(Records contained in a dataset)
__________
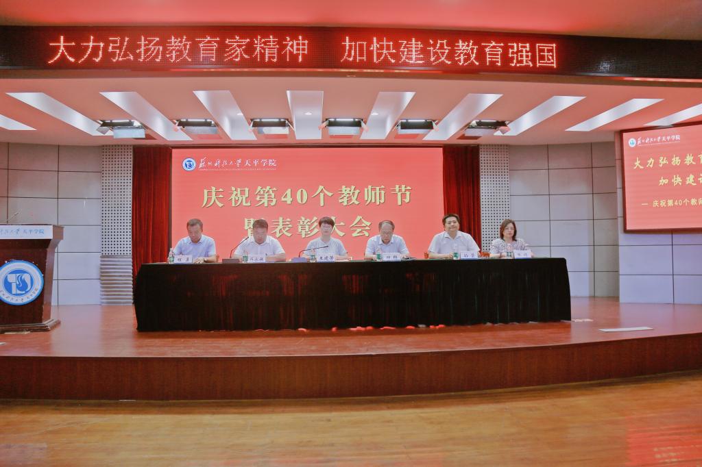 百年大计,教育为本。教育大计,教师为本。为大力弘扬教育家精神,表彰激励广大教师和教育工作者积极投身教育强国建设,9月10日下午,taptap在图书馆报告厅召开了主题为“大力弘扬教育家精神,加快建设教育强国”的庆祝第40个教师节暨表彰大会。院领导郑群、王建芳、蒋永旗、孙景、程勇、张婧出席大会。全体中层干部、受表彰的先进个人、教职工代表150余人参加大会。大会由副院长蒋永旗主持。
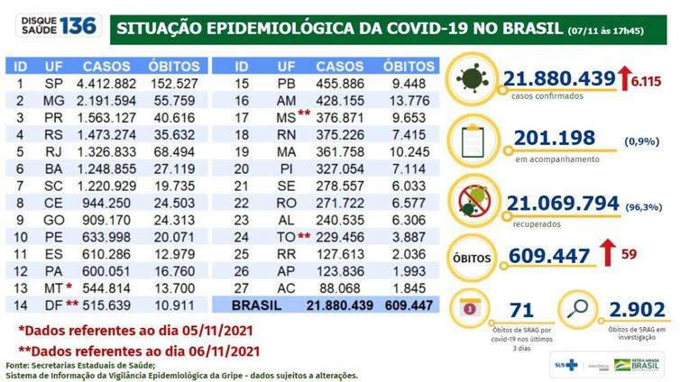 Em 24 horas, as autoridades de saúde notificaram 59 novos óbitos pelo novo coronavírus, totalizando 609.447. Ontem, o painel de informações marcava 609.388 mortes acumuladas.
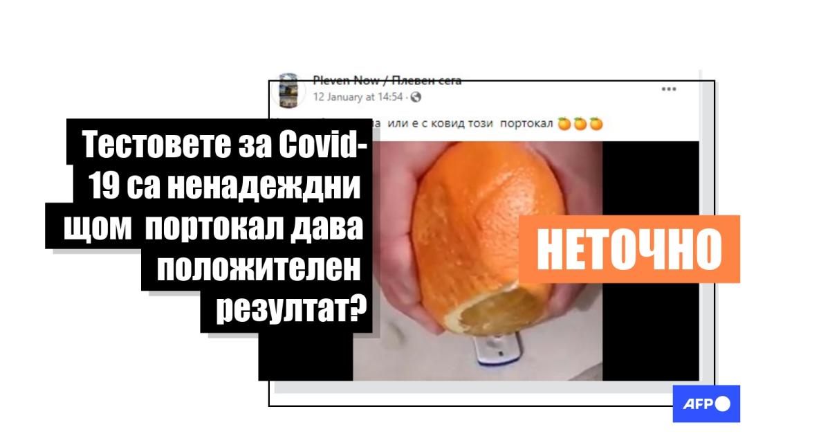 "Ковид 19," посочва описанието на кратко видео споделено във Facebook на 10 януари 2022 г., и споделено над 9600 пъти оттогава. На него виждаме как някой изстисква сок от портокал върху антигенен тест за Covid-19 от неизвестна марка. Бързо след това тестът сякаш дава "положителен" резултат, което кара много потребители да критикуват надеждността на тестовте за откриване на Covid-19 , а оттам и официалните данни за броя на заразените. Някои се шегуват с клипа.
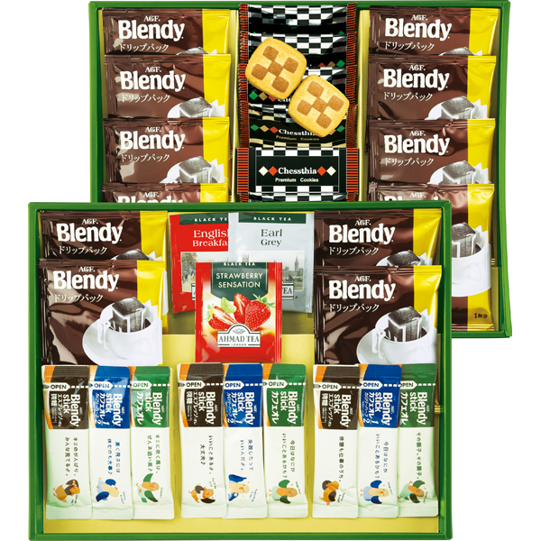 チェスティアクッキー×12・AGFブレンディコーヒー(ドリップ式)7g×12・紅茶(アールグレイ・ブレックファースト・ストロベリー)各2g・AGFブレンディスティック(エスプレッソオレ5.8g・カフェオレカロリーハーフ5.4g・カフェオレ8.2g)各3 【卵・乳成分・小麦】
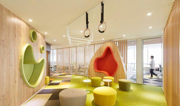 在樹屋的另一側設計著吊杠和造型樹洞,以及擺放活潑多樣的休閑家私,增添了工作或者閑暇溝通中的樂趣和互動性更讓員工在輕松辦公的同時有拉伸小鍛煉的機會
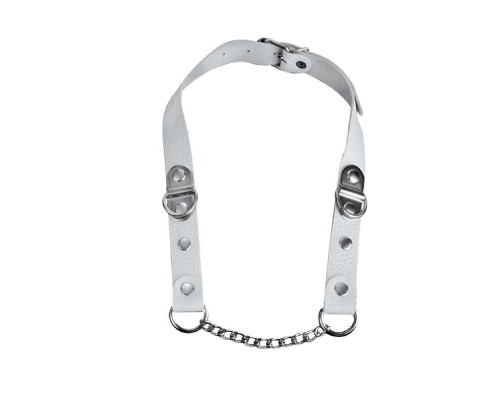 Белый кожаный кляп с цепью
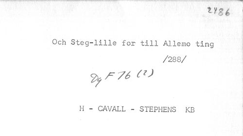 //// Och Steg-lille for till Allerno ting //// /288/ //// H - CAVALL - STEPHENS KB ////
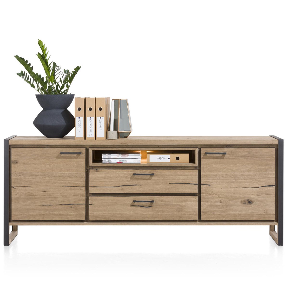 Le buffet de la collection METALO est en bois de chêne et métal. Son design industriel est très tendance ! Il s'intégrera aussi bien dans un intérieur esprit "Loft" que dans une belle maison de campagne. Le buffet METALO vous offre un bel espace de rangement avec ses 2 portes, 2 tiroirs et sa niche avec éclairage LED. Les portes et tiroirs sont équipés du système soft-close. Découvrez les autres meubles de la collection pour une harmonie parfaite dans votre intérieur !
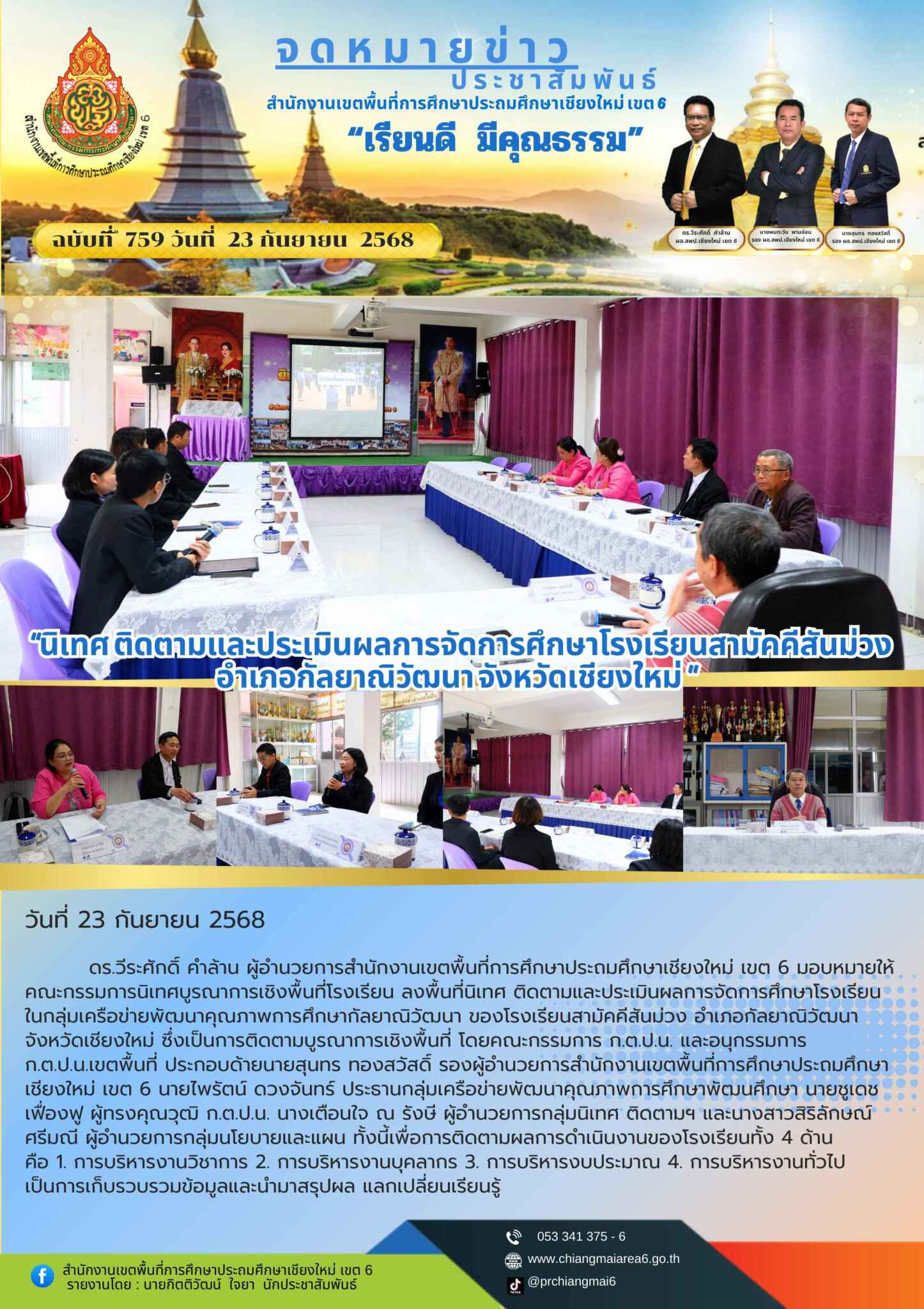 ดร.วีระศักดิ์ คำล้าน ผู้อำนวยการสำนักงานเขตพื้นที่การศึกษาประถมศึกษาเชียงใหม่ เขต 6 มอบหมายให้คณะกรรมการนิเทศบูรณาการเชิงพื้นที่โรงเรียน ลงพื้นที่นิเทศ ติดตามและประเมินผลการจัดการศึกษาโรงเรียนในกลุ่มเครือข่ายพัฒนาคุณภาพการศึกษากัลยาณิวัฒนา ของโรงเรียนสามัคคีสันม่วง อำเภอกัลยาณิวัฒนา จังหวัดเชียงใหม่ ซึ่งเป็นการติดตามบูรณาการเชิงพื้นที่ โดยคณะกรรมการ ก.ต.ป.น. และอนุกรรมการ ก.ต.ป.น.เขตพื้นที่ ประกอบด้ายนายสุนทร ทองสวัสดิ์ รองผู้อำนวยการสำนักงานเขตพื้นที่การศึกษาประถมศึกษาเชียงใหม่ เขต 6 นายไพรัตน์ ดวงจันทร์ ประธานกลุ่มเครือข่ายพัฒนาคุณภาพการศึกษาพัฒนศึกษา นายชูเดช เฟื่องฟู ผู้ทรงคุณวุฒิ ก.ต.ป.น. นางเตือนใจ ณ รังษี ผู้อำนวยการกลุ่มนิเทศ ติดตามฯ และนางสาวสิริลักษณ์ ศรีมณี ผู้อำนวยการกลุ่มนโยบายและแผน ทั้งนี้เพื่อการติดตามผลการดำเนินงานของโรงเรียนทั้ง 4 ด้าน คือ 1. การบริหารงานวิชาการ 2. การบริหารงานบุคลากร 3. การบริหารงบประมาณ 4. การบริหารงานทั่วไป เป็นการเก็บรวบรวมข้อมูลและนำมาสรุปผล แลกเปลี่ยนเรียนรู้
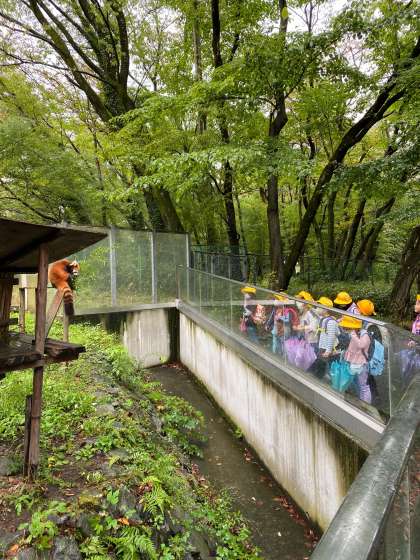 レッサーパンダを見ました。子供たちが見ているからか、植物を食べたり、走り回ったりしてくれました。子供たちは喜んで見ていました。
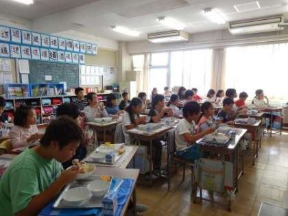 「うきうき給食」とは、そんな食物アレルギーを起こす原因になる食材を1つも使わないで、宇喜田小の子みんなが、安心しておいしく食べられる給食のことです。
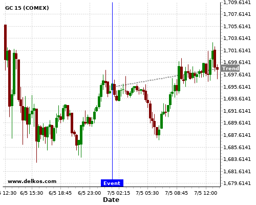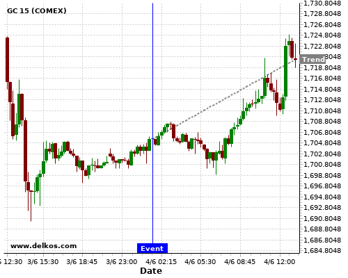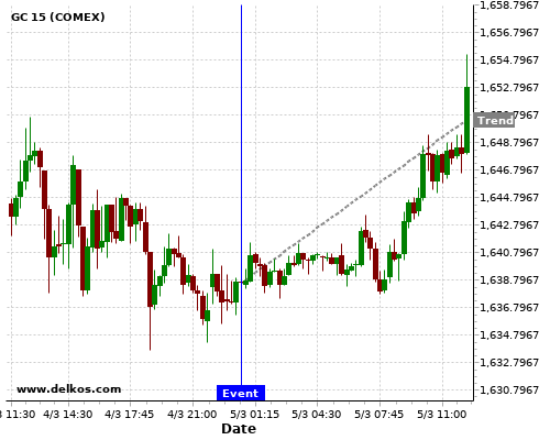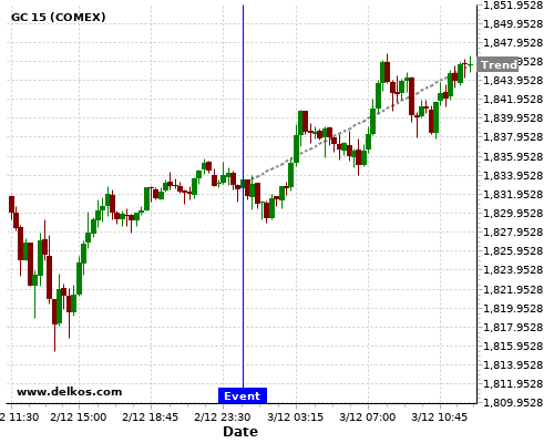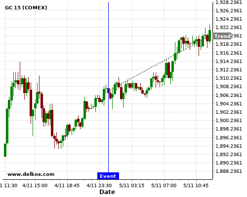 This probability is based on the last 12 AU Balance of Trade events, in which 5 of the last 6 events where the actual number was greater than than the economist consensus resulted in an up trend of GC.
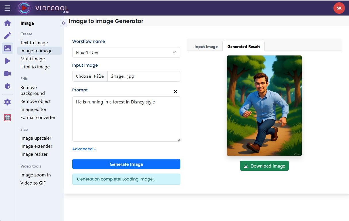 Step 12: Open Videcool in your browser, select the Flux Kontext image edit tool, and use the generated outputs directly inside your video or image projects.
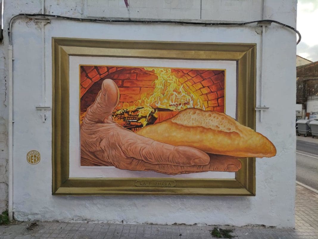 Cada uno de los diseños versa sobre elementos propios de cada población. En el caso de la creación realizada en les Cases de Bàrcena, se rinde homenaje al antiguo horno de la población, una instalación “de toda la vida”, en palabras del vecindario. En la imagen se ha dibujado la mano de la panadera, como símbolo y puesta en valor de este trabajo artesanal tradicional. Este mural ya se puede visitar en este pueblo.
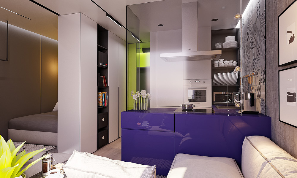 Компактен, колоритен, и удобен! Интериорният дизайнер Alena Fokina концептуализира този малък 28 кв.м. апартамент, така че да отговори на нуждите на изискана млада жена. Неговите ярки цветове допринасят за създаването на една игрива творческа атмосфера, която отразява активния начин на живот и силно развито въображение.
__________
[Required action]
The records are to be returned verbatim. Skip any picture they contain.

[Answer section]
 百年大计,教育为本。教育大计,教师为本。为大力弘扬教育家精神,表彰激励广大教师和教育工作者积极投身教育强国建设,9月10日下午,taptap在图书馆报告厅召开了主题为“大力弘扬教育家精神,加快建设教育强国”的庆祝第40个教师节暨表彰大会。院领导郑群、王建芳、蒋永旗、孙景、程勇、张婧出席大会。全体中层干部、受表彰的先进个人、教职工代表150余人参加大会。大会由副院长蒋永旗主持。
 Em 24 horas, as autoridades de saúde notificaram 59 novos óbitos pelo novo coronavírus, totalizando 609.447. Ontem, o painel de informações marcava 609.388 mortes acumuladas.
 "Ковид 19," посочва описанието на кратко видео споделено във Facebook на 10 януари 2022 г., и споделено над 9600 пъти оттогава. На него виждаме как някой изстисква сок от портокал върху антигенен тест за Covid-19 от неизвестна марка. Бързо след това тестът сякаш дава "положителен" резултат, което кара много потребители да критикуват надеждността на тестовте за откриване на Covid-19 , а оттам и официалните данни за броя на заразените. Някои се шегуват с клипа.
 チェスティアクッキー×12・AGFブレンディコーヒー(ドリップ式)7g×12・紅茶(アールグレイ・ブレックファースト・ストロベリー)各2g・AGFブレンディスティック(エスプレッソオレ5.8g・カフェオレカロリーハーフ5.4g・カフェオレ8.2g)各3 【卵・乳成分・小麦】
 在樹屋的另一側設計著吊杠和造型樹洞,以及擺放活潑多樣的休閑家私,增添了工作或者閑暇溝通中的樂趣和互動性更讓員工在輕松辦公的同時有拉伸小鍛煉的機會
 Белый кожаный кляп с цепью
 //// Och Steg-lille for till Allerno ting //// /288/ //// H - CAVALL - STEPHENS KB ////
 Le buffet de la collection METALO est en bois de chêne et métal. Son design industriel est très tendance ! Il s'intégrera aussi bien dans un intérieur esprit "Loft" que dans une belle maison de campagne. Le buffet METALO vous offre un bel espace de rangement avec ses 2 portes, 2 tiroirs et sa niche avec éclairage LED. Les portes et tiroirs sont équipés du système soft-close. Découvrez les autres meubles de la collection pour une harmonie parfaite dans votre intérieur !
 ดร.วีระศักดิ์ คำล้าน ผู้อำนวยการสำนักงานเขตพื้นที่การศึกษาประถมศึกษาเชียงใหม่ เขต 6 มอบหมายให้คณะกรรมการนิเทศบูรณาการเชิงพื้นที่โรงเรียน ลงพื้นที่นิเทศ ติดตามและประเมินผลการจัดการศึกษาโรงเรียนในกลุ่มเครือข่ายพัฒนาคุณภาพการศึกษากัลยาณิวัฒนา ของโรงเรียนสามัคคีสันม่วง อำเภอกัลยาณิวัฒนา จังหวัดเชียงใหม่ ซึ่งเป็นการติดตามบูรณาการเชิงพื้นที่ โดยคณะกรรมการ ก.ต.ป.น. และอนุกรรมการ ก.ต.ป.น.เขตพื้นที่ ประกอบด้ายนายสุนทร ทองสวัสดิ์ รองผู้อำนวยการสำนักงานเขตพื้นที่การศึกษาประถมศึกษาเชียงใหม่ เขต 6 นายไพรัตน์ ดวงจันทร์ ประธานกลุ่มเครือข่ายพัฒนาคุณภาพการศึกษาพัฒนศึกษา นายชูเดช เฟื่องฟู ผู้ทรงคุณวุฒิ ก.ต.ป.น. นางเตือนใจ ณ รังษี ผู้อำนวยการกลุ่มนิเทศ ติดตามฯ และนางสาวสิริลักษณ์ ศรีมณี ผู้อำนวยการกลุ่มนโยบายและแผน ทั้งนี้เพื่อการติดตามผลการดำเนินงานของโรงเรียนทั้ง 4 ด้าน คือ 1. การบริหารงานวิชาการ 2. การบริหารงานบุคลากร 3. การบริหารงบประมาณ 4. การบริหารงานทั่วไป เป็นการเก็บรวบรวมข้อมูลและนำมาสรุปผล แลกเปลี่ยนเรียนรู้
 レッサーパンダを見ました。子供たちが見ているからか、植物を食べたり、走り回ったりしてくれました。子供たちは喜んで見ていました。
 「うきうき給食」とは、そんな食物アレルギーを起こす原因になる食材を1つも使わないで、宇喜田小の子みんなが、安心しておいしく食べられる給食のことです。
 This probability is based on the last 12 AU Balance of Trade events, in which 5 of the last 6 events where the actual number was greater than than the economist consensus resulted in an up trend of GC.
 Step 12: Open Videcool in your browser, select the Flux Kontext image edit tool, and use the generated outputs directly inside your video or image projects.
 Cada uno de los diseños versa sobre elementos propios de cada población. En el caso de la creación realizada en les Cases de Bàrcena, se rinde homenaje al antiguo horno de la población, una instalación “de toda la vida”, en palabras del vecindario. En la imagen se ha dibujado la mano de la panadera, como símbolo y puesta en valor de este trabajo artesanal tradicional. Este mural ya se puede visitar en este pueblo.
 Компактен, колоритен, и удобен! Интериорният дизайнер Alena Fokina концептуализира този малък 28 кв.м. апартамент, така че да отговори на нуждите на изискана млада жена. Неговите ярки цветове допринасят за създаването на една игрива творческа атмосфера, която отразява активния начин на живот и силно развито въображение.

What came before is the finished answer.